XIII

LA HISTORIA DE JESÚS

Muchas veces, al ver que los historiadores racionalistas de la religión dan la Pasión y la Muerte de Jesús como un hecho del que apenas se habló en su tiempo en el mundo clásico, pienso en cómo sucesos pequeños se convierten luego en trascendentales. Así, la toma de la Bastilla, acontecimiento local sin importancia, se convierte, por influencia de los unos y de los otros, en un símbolo.

Hablando de la historia de Jesucristo, los ortodoxos nos dan como cronología, por la época en que aparecieron, primero los Evangelios sinópticos; segundo, el Evangelio de San Juan; tercero, las Epístolas de San Pablo; cuarto, el Apocalipsis.

Para muchos historiadores, el orden de conocimiento entre los primeros cristianos de los libros sagrados no es éste, sino que fueron conocidos primero las Epístolas de San Pablo; segundo, el Apocalipsis; tercero, el Evangelio de San Juan, y cuarto, los sinópticos.

Según Arturo Weigall, el orden cronológico de la aparición de los textos sagrados es éste: Epístolas de San Pablo. Primera Epístola de San Pedro. Apocalipsis, Evangelio de San Marcos. Actas de los Apóstoles. Epístolas de San Juan. Epístolas de Santiago. Evangelio de San Lucas. Evangelio de San Mateo.

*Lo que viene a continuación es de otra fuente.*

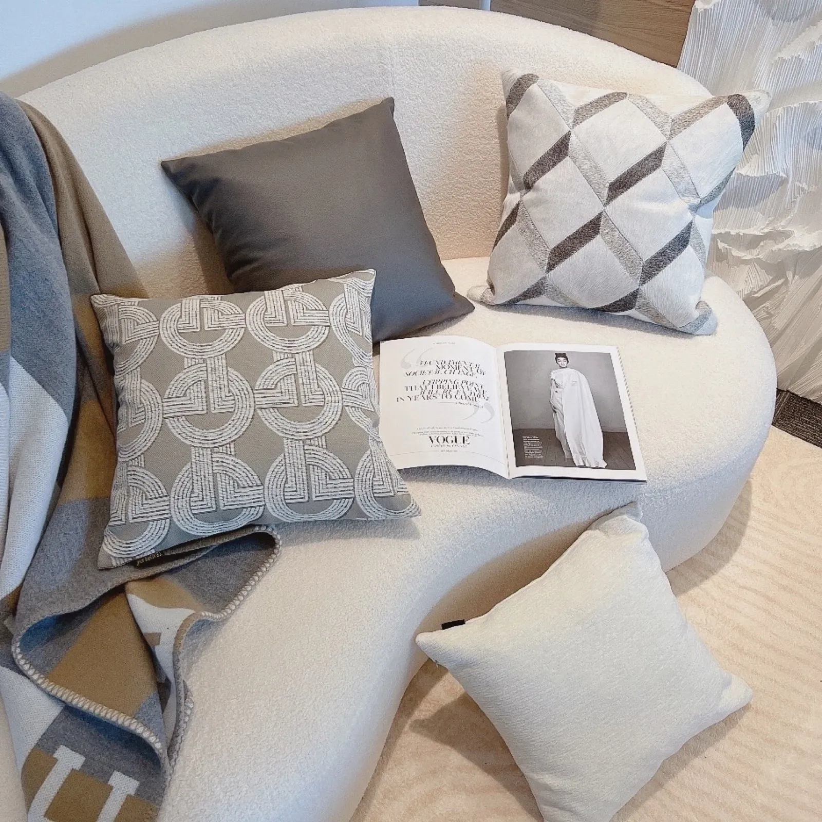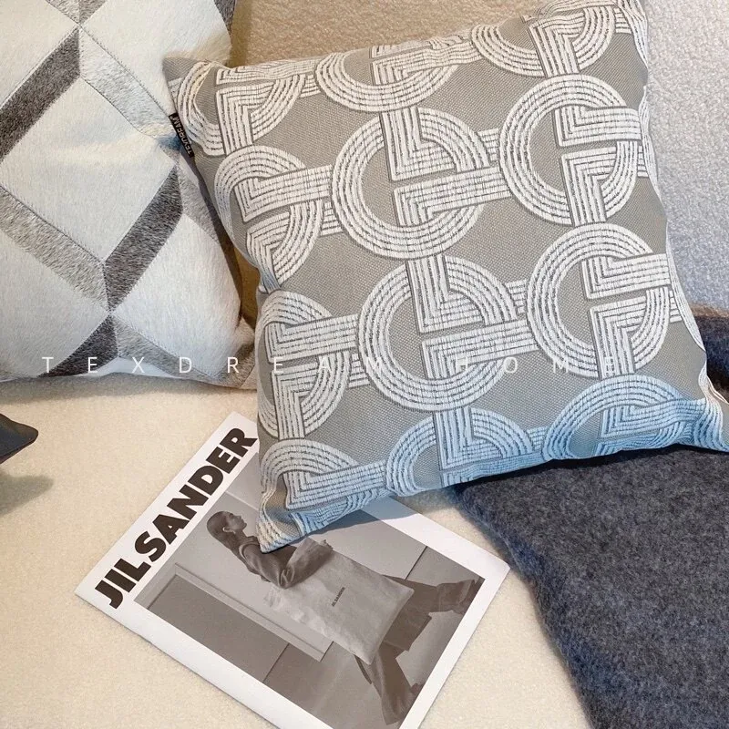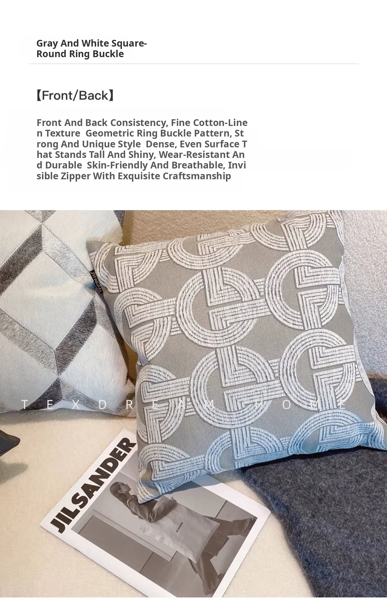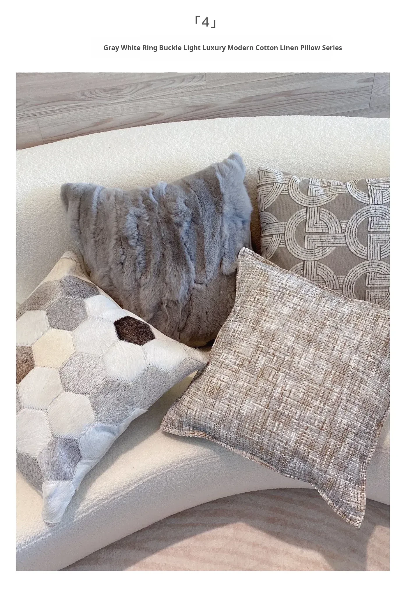 Texdream Attitude Creamy Snowtop Gray Luxury Genuine Leather Throw Pillow - Modern Sofa Cushion Cover for Stylish Living Rooms
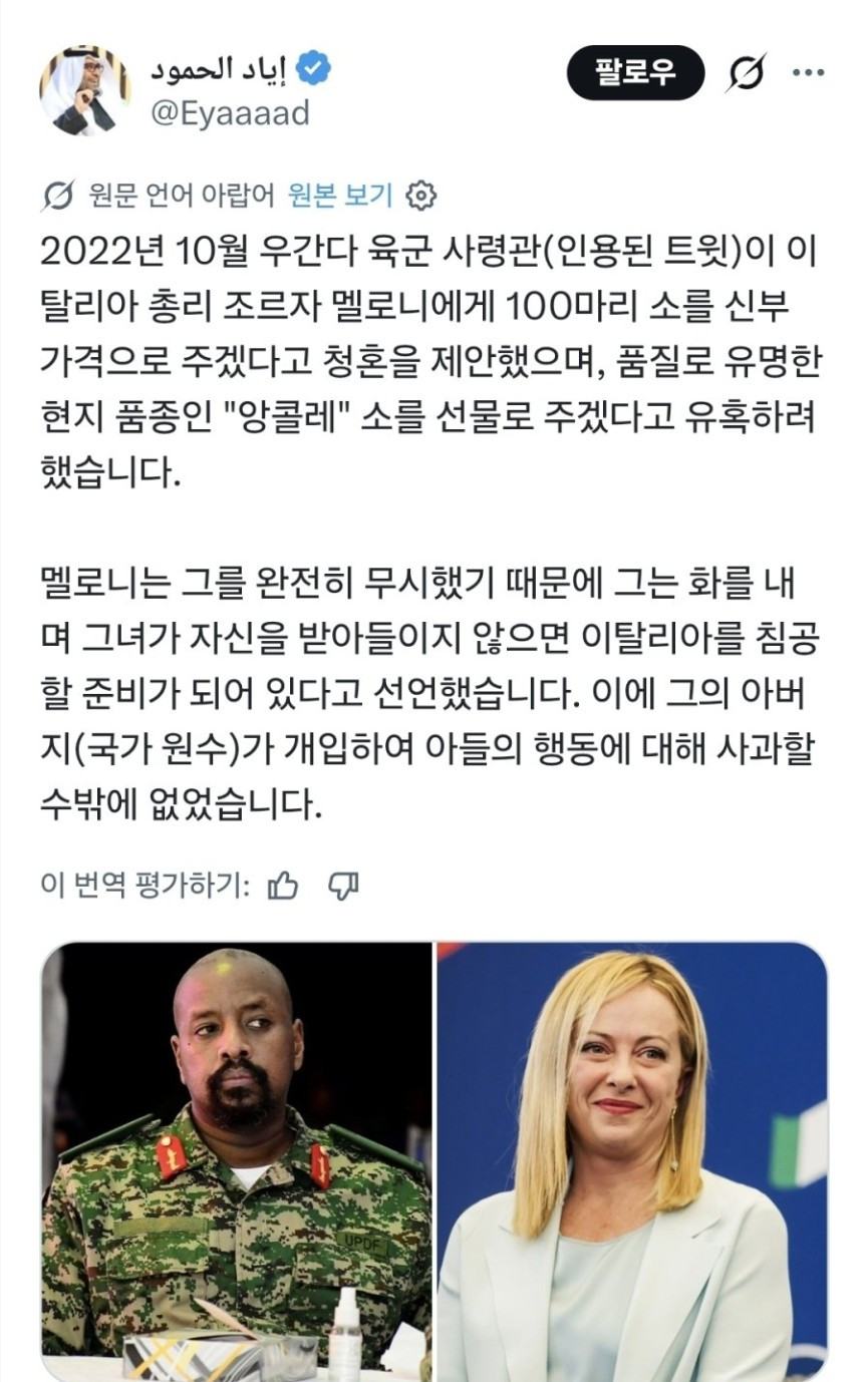 멜로니에게 청혼했던 우간다 육군사령관
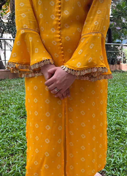 Geometric floral yellow kurta and pyjama set with gold coin detailing
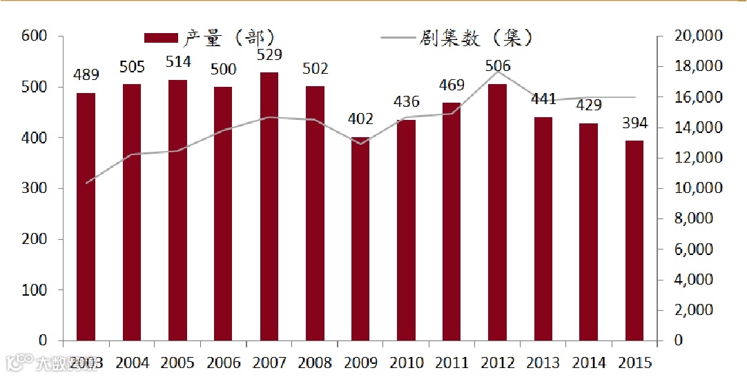 根据广电总局的数据显示,2015年全年全国共计生产完成并获得发行许可的剧目共计394部,较2014年的429部有一定下滑,但是集数却由15983集上升至16540集,说明单部剧时长在增加,说明了我国电视剧作产生了由量转质的转变。
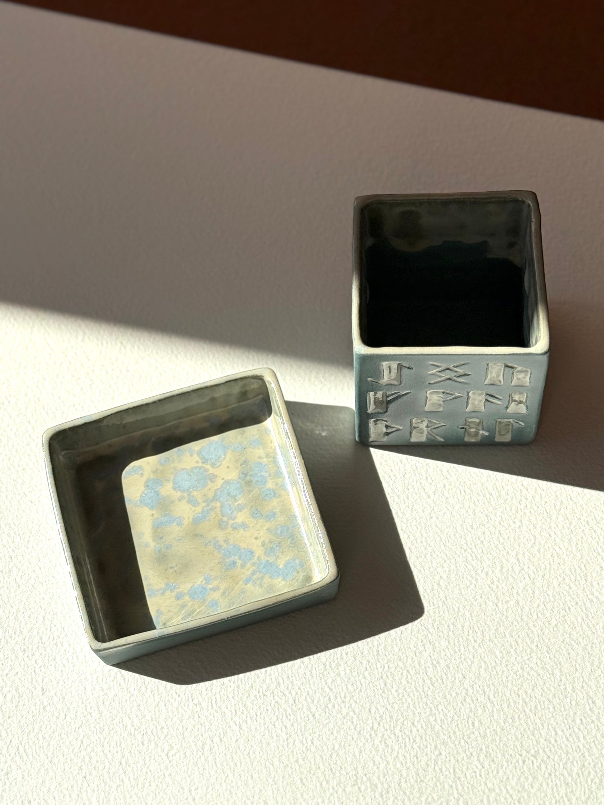 Горшок «Футарк» пастельно-голубого цвета. Частично покрыт кристаллической глазурью.
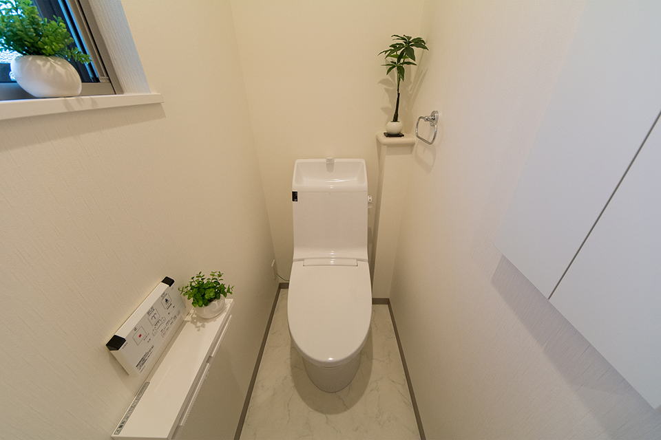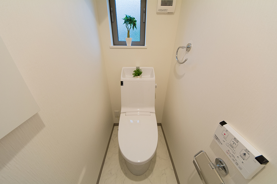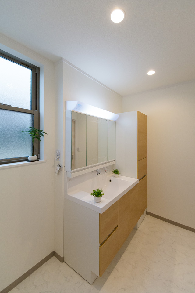 白を基調とした清潔感のあるサニタリールーム。ブラウンの洗面化粧台がナチュラルな雰囲気の空間を演出します。
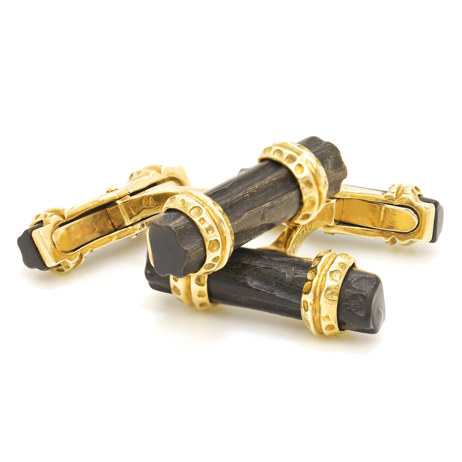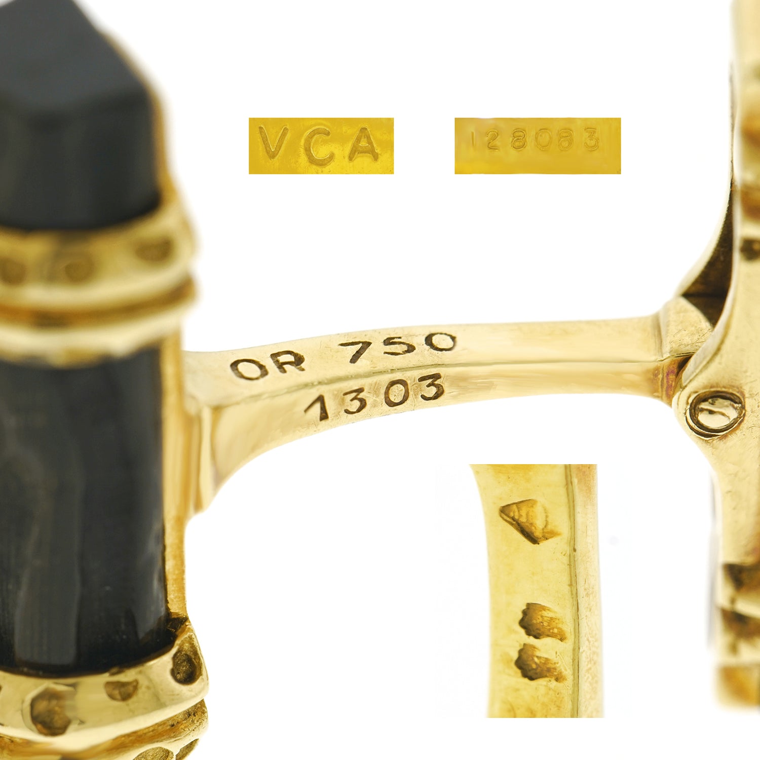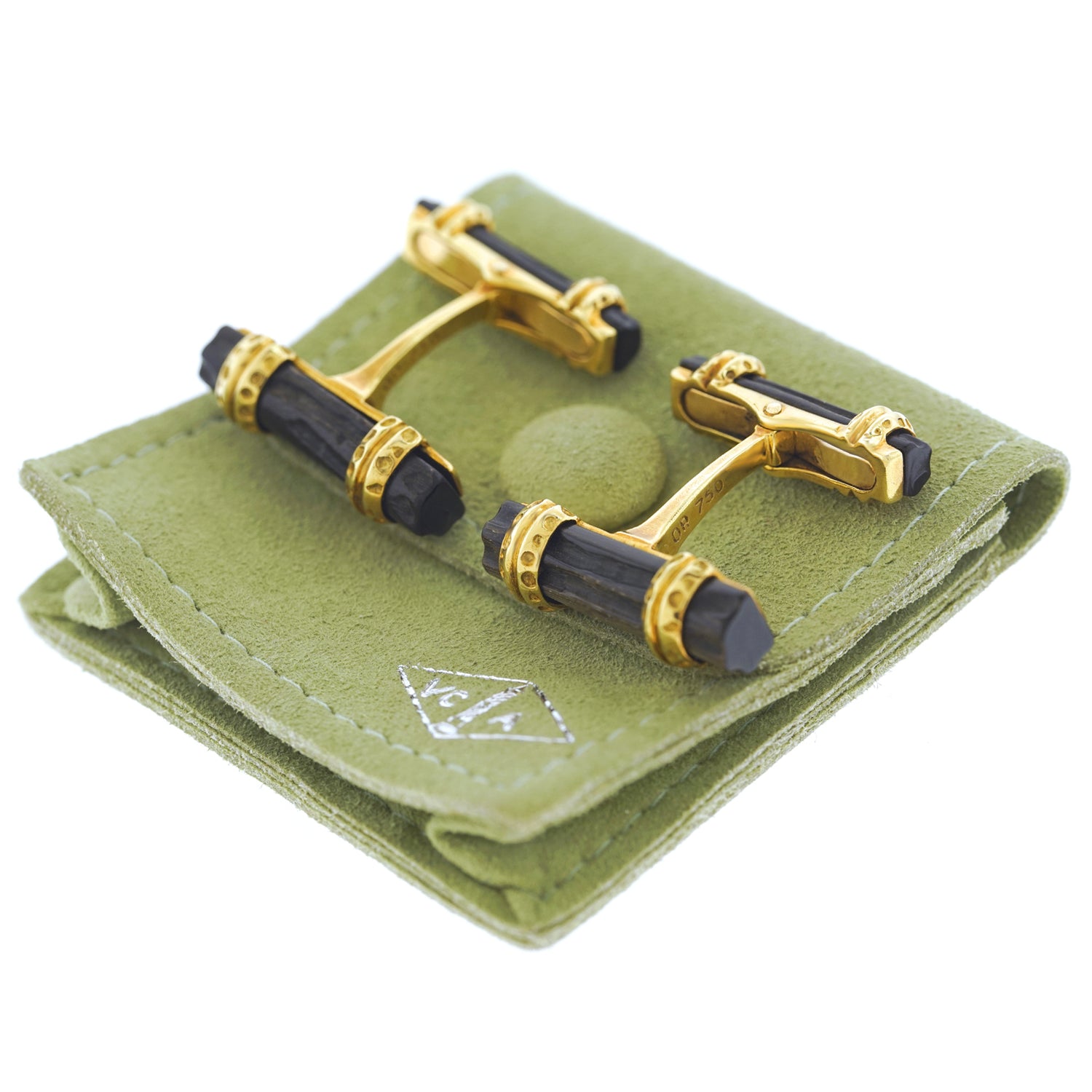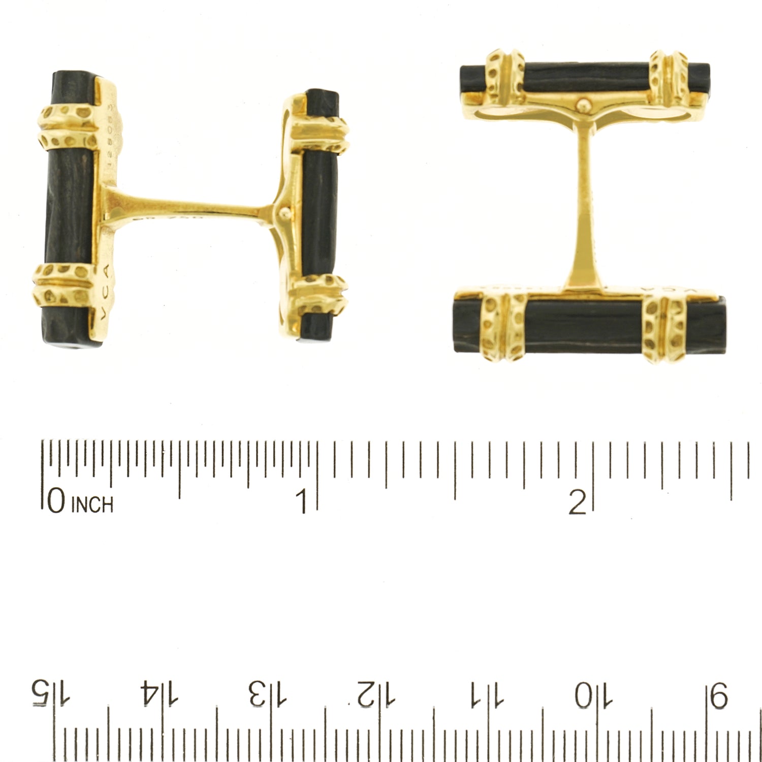 Circa 1960s 18k by Van Cleef and Arpels, France. VCA is known for stylishly elegant cufflinks … Well, for stylishly elegant everything! Set with carved black coral in a brutalist motif, these urbane examples of their work are perfect for any occasion. Excellent condition.

Epístola de San Judas. Evangelio de San Juan. Segunda Epístola de San Pedro.

Lo que es bastante extraño es que toda esta literatura esté escrita en griego y no haya ninguna historia de Jesucristo en hebreo.

La exégesis bíblica, y sobre todo evangélica, que nos daban en el Seminario como algo claro, concreto y definitivo, es en el campo racionalista un mar de confusiones y de explicaciones oscuras.

Hay contradicciones entre los tres primeros Evangelios llamados sinópticos; quien cree que los tres deben estar tomados de algún Evangelio hebreo anterior; pero todo hace pensar que si los tres estuvieran tomados de otro primitivo no habría en ellos tantas discrepancias.

En los sinópticos se ven los mismos hechos contados de diferente manera. Es natural y lógico que así sea desde un punto de vista humano en toda obra histórica; pero no lo es tanto en obras de inspiración divina dictadas, según los cristianos, por el Espíritu Santo.

La antigua Biblia, como los Evangelios, están hechos a fuerza de adiciones, interpolaciones y retoques. Muchos críticos suponen que el texto primitivo de San Juan se reduciría en su origen a la mitad.

Por lo que veo, a los Evangelios Sinópticos unos los consideran copiados de otro primitivo.

Este primitivo, algunos creen que era de San Marcos y le llaman Proto-Marco y los alemanes Urmarco. Otros suponen que una fuente de los Evangelios fueron las Logias o Discursos de Jesús, libro del que no quedan más que retazos.

Los críticos aceptan todos que el de San Marcas es el Evangelio primitivo. El que Mateo y Lucas hablen de discursos de Cristo, que no están en Marcos, se explica hipotéticamente suponiendo que estos dos evangelistas recurrieron a las supuestas Logias, de las que habla Papías de Hierópolis; Lucas declara haber conocido varios Evangelios.

Los críticos encuentran también que el Evangelio que consideran primitivo, el de San Marcos, no es homogéneo, que hay en éste, según ellos, las mismas suturas, añadidos y superposiciones que en los otros.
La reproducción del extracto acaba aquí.